The soul poet was the featured attraction at a fundraising poetry café last week in the Arts Building in Gibsons. Wendy Crumpler opened the show with her own poetry and spoke about the power of the word. Adelene's poems covered the big themes: honouring the matriarchs in her family, friendship, spiritual power, ancestors and justice for all people to live on their own land.

"I want the audience to know that they're not the only ones feeling like this," she said. "If I feel it, a lot of people feel it."

One of her poems was about the day that Martin Luther King died. She recalls that she was sent home from third grade because of the tragedy.

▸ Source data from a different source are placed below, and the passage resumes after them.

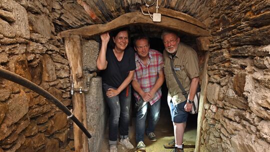 Massiv gemauerte Gewölbe entdeckten Kerstin Rudat und ihr Mann Frank Schneider zusammen mit Heimathaus-Betreiber Winfried Wagner (rechts) beim Umbau des Jägerhof-Ensembles. Die historische Bausubstanz wird bei den Baumaßnahmen erhalten. Werner Dupuis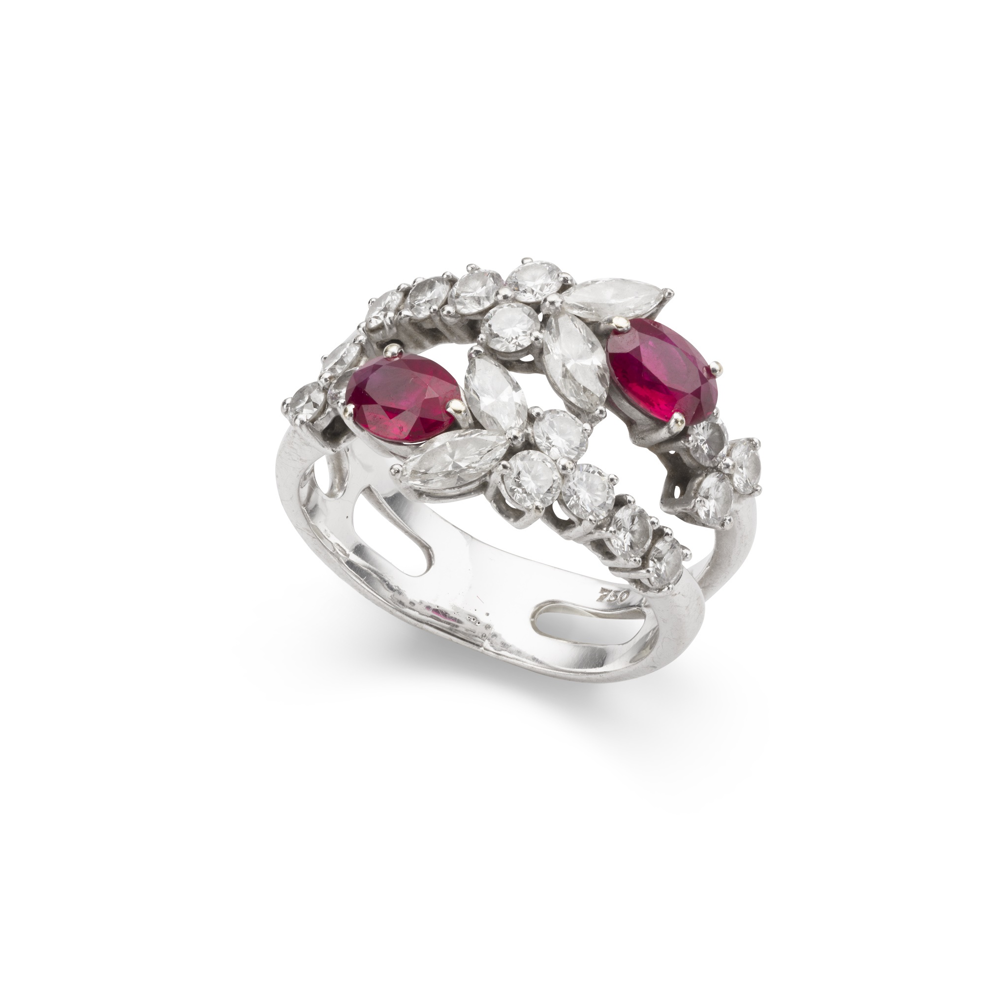 claw-set with two oval-cut rubies and various graduated round brilliant and marquise-cut diamonds, stamped 750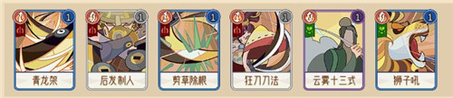 阵容:青龙架+后发制人+剪草除根+狂刀刀法+云雾十三式+狮子吼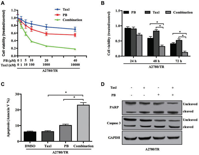 Figure 7: Physapubescin B resensitize taxol resistant OC cells to taxol treatment. (A) A2780/TR cells were treated with Physapubescin B, or taxol, or both of them in different concentrations as indicated. Cell viabilities were determined 48 h later. (B) A2780/TR cells were treated with Physapubescin B (5 μmol/L), or taxol (10 nmol/L), or both of them. Cell viabilities were determined at each time points as indicated. (C and D) A2780/TR cells were left untreated (0.05% DMSO), or treated with Physapubescin B (5 μmol/L), or taxol (10 nmol/L, or both of them for 24 h. Cells were then collected for FASC analysis (C) and western blot analysis (D). Data are presented as mean±SD. *P<0.05. All experiments were repeated at least three times independently.

"His name was Martin / Sweet li'l black child / And he helped you today / Live a different lifestyle," her mother told her.

For the past 10 years, Adelene has been giving limited performances: with Jean Pierre Makosso for Black History month and in the recent play by Robert MacDonald, The Writer. But this seems to be her breakthrough year. She's also self-published a book, You Have Reached Adelene da soul poet, that will be available for $17 at her gigs and through her website: www.adelenedasoulpoet.com. The poems have not been prettied by an editor; they are written in her natural idiomatic speech. She intends the book to appeal to all ages and types of people, for example, to a teenager driving his first car: "Hey g g-man / you got somewhere to go / you make sure you get there / you take it slow." Another poem shows solidarity with middle aged sisters - it's entitled The Night Sweat.

Hearing poetry read aloud with the passion of the poet makes a difference. At the Poetry Café, Ross Harry read his own work mostly about his family; Graham Walker entertained with a few verses from his children's book; and Sheila Weaver read a poem by her mother about London in 1940 followed by her own penned response to it years later. Martha Royea spoke her poetry in exquisitely chosen words that also explored large themes. Susan Telfer read from her book, House Beneath, and asked the audience to look out for other evenings of poetry coming soon from the Gibsons Live Poets Society.

Adelene is appearing again on Sunday, Feb. 20, at 7 p.m. at Benjamin's Restaurant in Gibsons, along with actor David Short and pianist Ken Dalgleish. All are welcome - poet or not.